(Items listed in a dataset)
"""
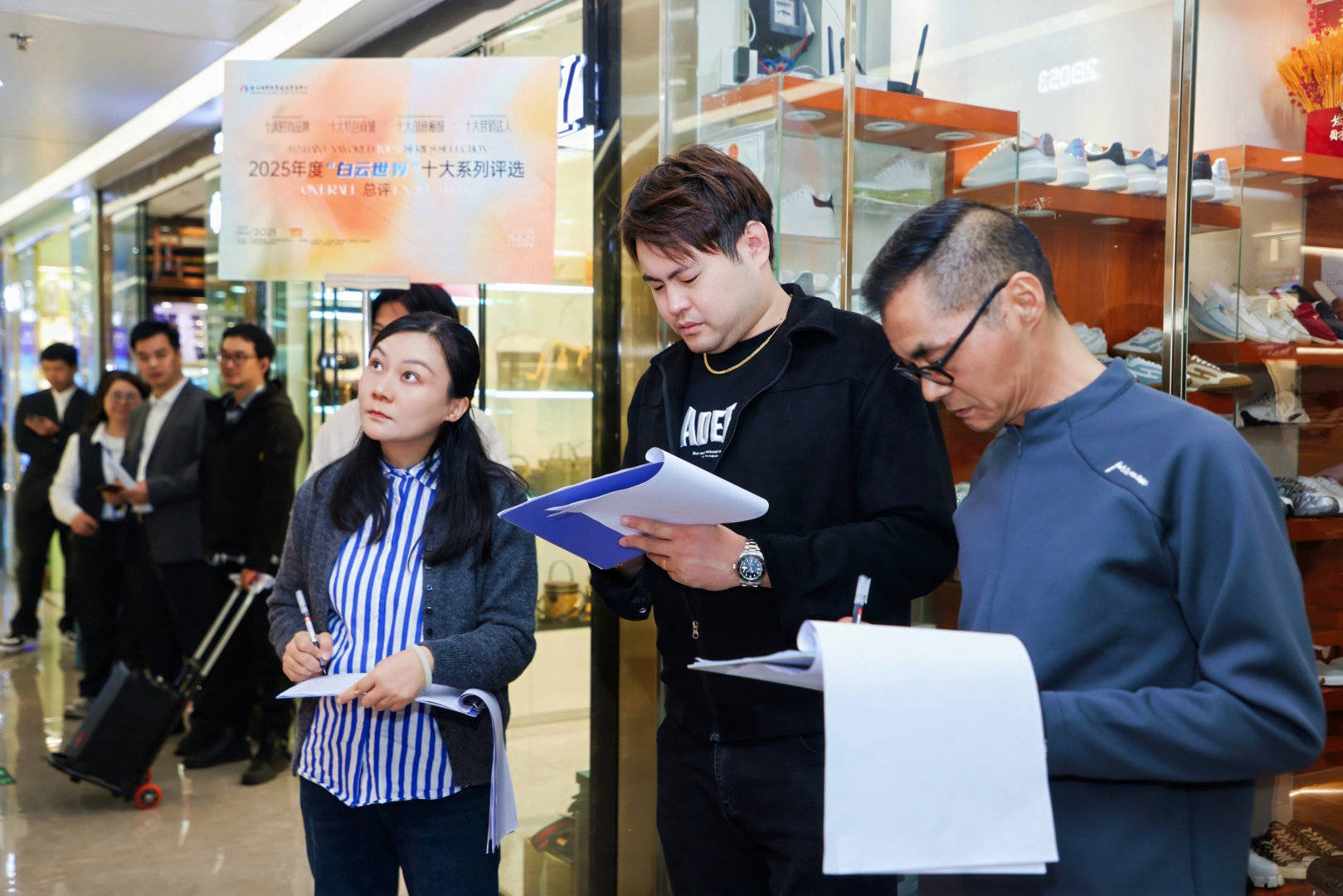 当天上午,总评活动正式启动。白云皮具城各部门领导及业内权威专家评审团召开了考评预备会议,为评选工作的严谨性打下坚实基础。由业内权威专家组成的时尚行业大咖评审团率先开展实地考察评分工作。评委们对晋级的品牌、商铺及创意橱窗及营销达人进行了细致入微的现场评分。
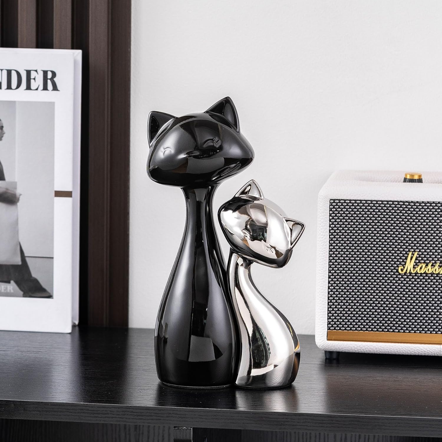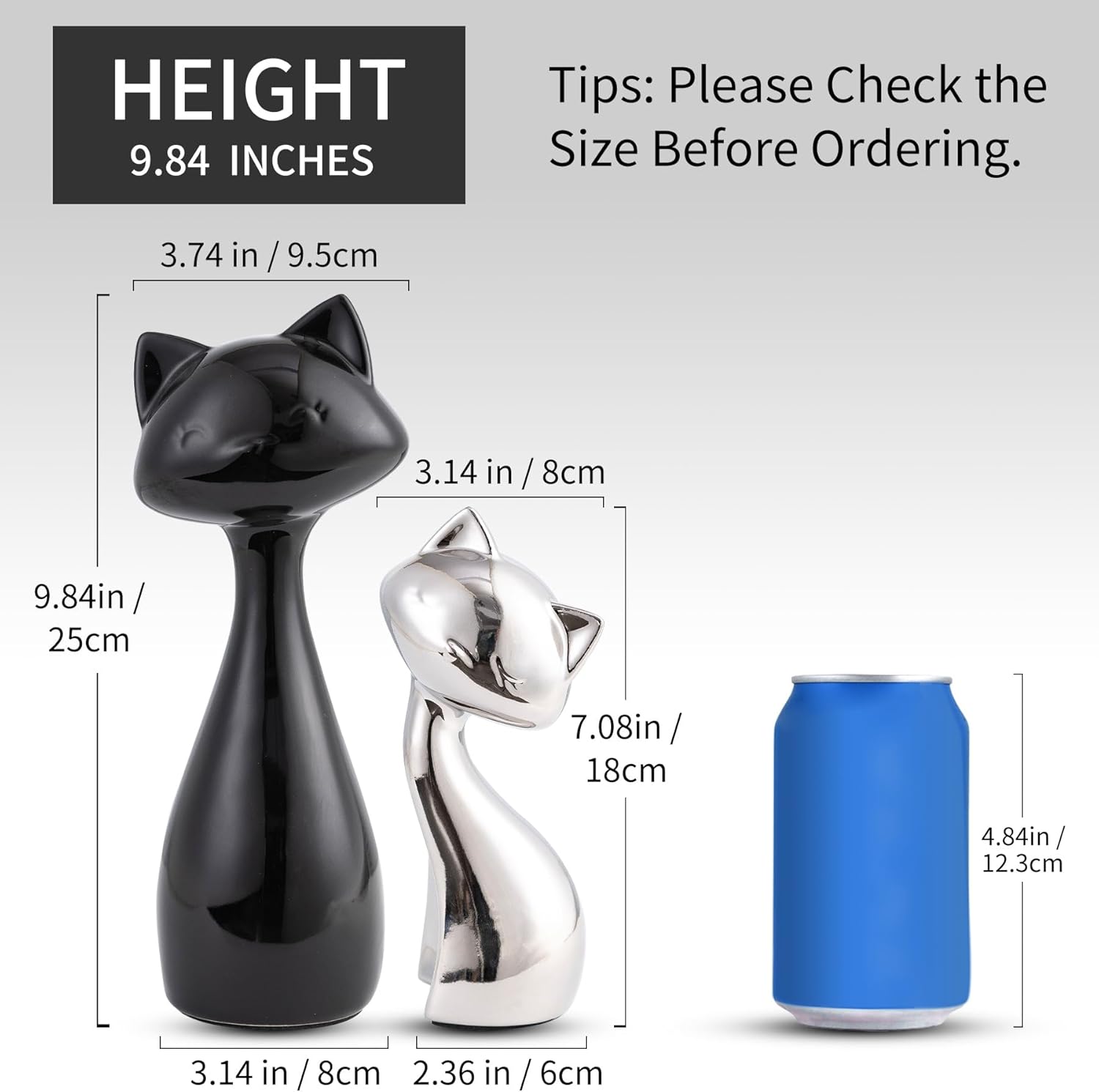• ‌Elegant Contrast Design‌: This pair blends ‌glossy black ceramic decor‌ with ‌electroplated silvery accents‌, creating a mesmerizing modern decor statement. Crafted for cat lovers seeking sophisticated desk decorations or living room focal points, the dynamic black & silver palette elevates any space with artistic feline charm.
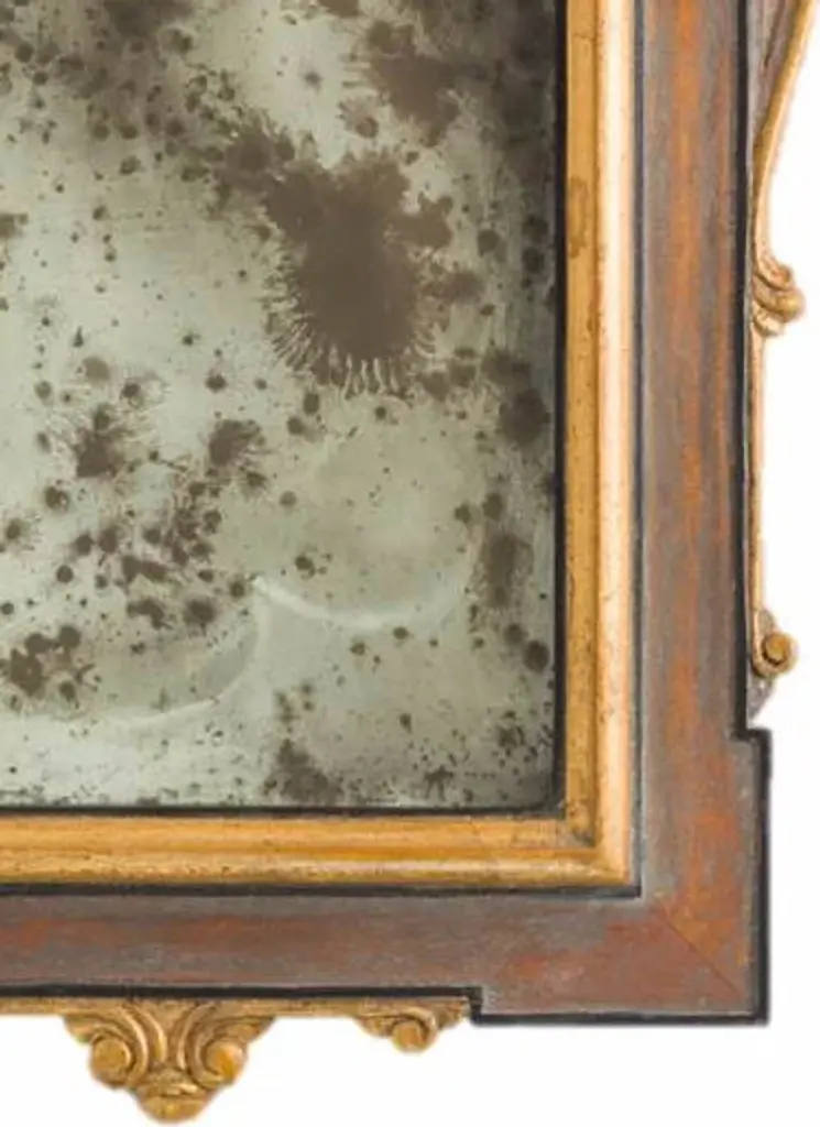 Style is in the details...Simply stunning jewel of a mirror framed with traditional details. The frame by Christopher Guy''s master-carvers are delicately crafted out of solid hardwood with an 14th Century Gold, Tudor Wash & Black Poly hand-painted finish. Lovely accent for any entry, hallway or bedroom. Consider mixing a petite mirror in with a collection of family photos to break up the images and create your own design style.Dimensions: 15"W x 20"H +/-Finish: 14th Century Gold, Tudor Wash & Black PolyMirror: AntiqueNo two are alike!
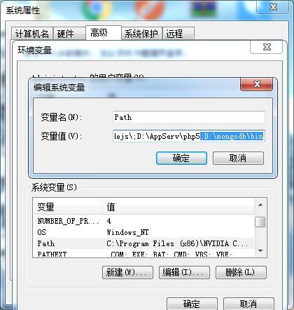 我的电脑–属性–高级系统设置–环境变量–系统变量,找到PATH,双击编辑,在末尾加上;D:\MongoDB,注意前面加分号,最后点击确定即可。如图:
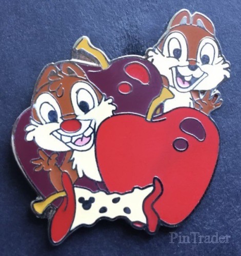 | A series of 6 pins released featuring Chip and Dale with fruit or vegetables. This pin depicts Chip and Dale with two apples. |
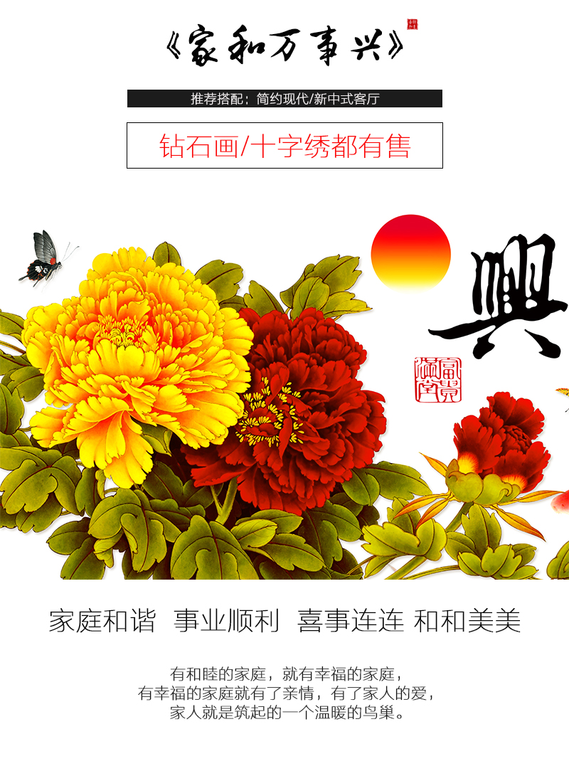 十字繡家和萬事興新款簡單繡半繡現代客廳牡丹花開新手初學者刺繡1入
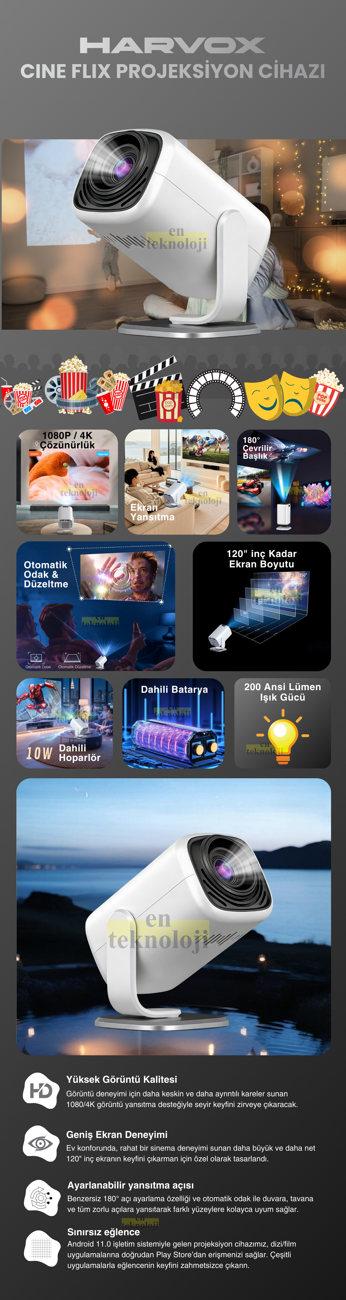 En Teknoloji ve HARVOX iş birliğiyle Cine Flix projeksiyonu keşfedin.
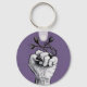 Witchy hand keychain with an ink drawing depicting a hand in fist with sharp black fingernails and a black ring with evil monsters with sharp teeth over purple background. Fun creepy creepy illustration with a gothic feel.
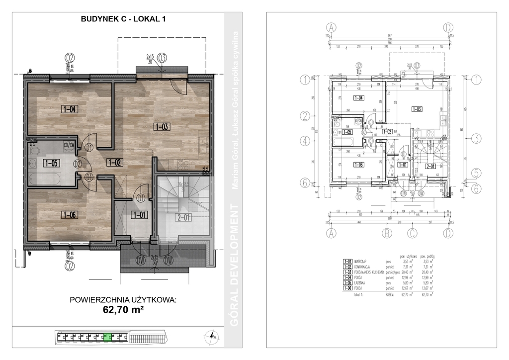 62,7 m² - 785 000 zł, natomiast dwupoziomowe mieszkania o powierzchni
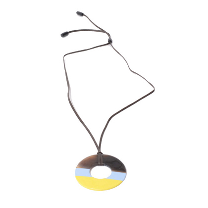 ドーナツ型ディスクペンダント。カラーバリエーションがが際立つアイテムです。軽い水牛の角でつくらえたネックレスです。両面お使いいただけます。軽い水牛の角で作られており、温かみのある素材感です。プレゼントにもおすすめです。収納袋付き。※全て天然物による水牛の角のためお色味の風合いなど1点1点異なります。また、着装画も全てイメージとなり実際のアイテムとお色味風合いが異なりますことご了承くださいませ。
"""
## BRIEF
With the pictures dropped, write out all of the entries word for word.

## YOUR SOLUTION
 当天上午,总评活动正式启动。白云皮具城各部门领导及业内权威专家评审团召开了考评预备会议,为评选工作的严谨性打下坚实基础。由业内权威专家组成的时尚行业大咖评审团率先开展实地考察评分工作。评委们对晋级的品牌、商铺及创意橱窗及营销达人进行了细致入微的现场评分。
• ‌Elegant Contrast Design‌: This pair blends ‌glossy black ceramic decor‌ with ‌electroplated silvery accents‌, creating a mesmerizing modern decor statement. Crafted for cat lovers seeking sophisticated desk decorations or living room focal points, the dynamic black & silver palette elevates any space with artistic feline charm.
 Style is in the details...Simply stunning jewel of a mirror framed with traditional details. The frame by Christopher Guy''s master-carvers are delicately crafted out of solid hardwood with an 14th Century Gold, Tudor Wash & Black Poly hand-painted finish. Lovely accent for any entry, hallway or bedroom. Consider mixing a petite mirror in with a collection of family photos to break up the images and create your own design style.Dimensions: 15"W x 20"H +/-Finish: 14th Century Gold, Tudor Wash & Black PolyMirror: AntiqueNo two are alike!
 我的电脑–属性–高级系统设置–环境变量–系统变量,找到PATH,双击编辑,在末尾加上;D:\MongoDB,注意前面加分号,最后点击确定即可。如图:
 | A series of 6 pins released featuring Chip and Dale with fruit or vegetables. This pin depicts Chip and Dale with two apples. |
 十字繡家和萬事興新款簡單繡半繡現代客廳牡丹花開新手初學者刺繡1入
 En Teknoloji ve HARVOX iş birliğiyle Cine Flix projeksiyonu keşfedin.
 Witchy hand keychain with an ink drawing depicting a hand in fist with sharp black fingernails and a black ring with evil monsters with sharp teeth over purple background. Fun creepy creepy illustration with a gothic feel.
 62,7 m² - 785 000 zł, natomiast dwupoziomowe mieszkania o powierzchni
 ドーナツ型ディスクペンダント。カラーバリエーションがが際立つアイテムです。軽い水牛の角でつくらえたネックレスです。両面お使いいただけます。軽い水牛の角で作られており、温かみのある素材感です。プレゼントにもおすすめです。収納袋付き。※全て天然物による水牛の角のためお色味の風合いなど1点1点異なります。また、着装画も全てイメージとなり実際のアイテムとお色味風合いが異なりますことご了承くださいませ。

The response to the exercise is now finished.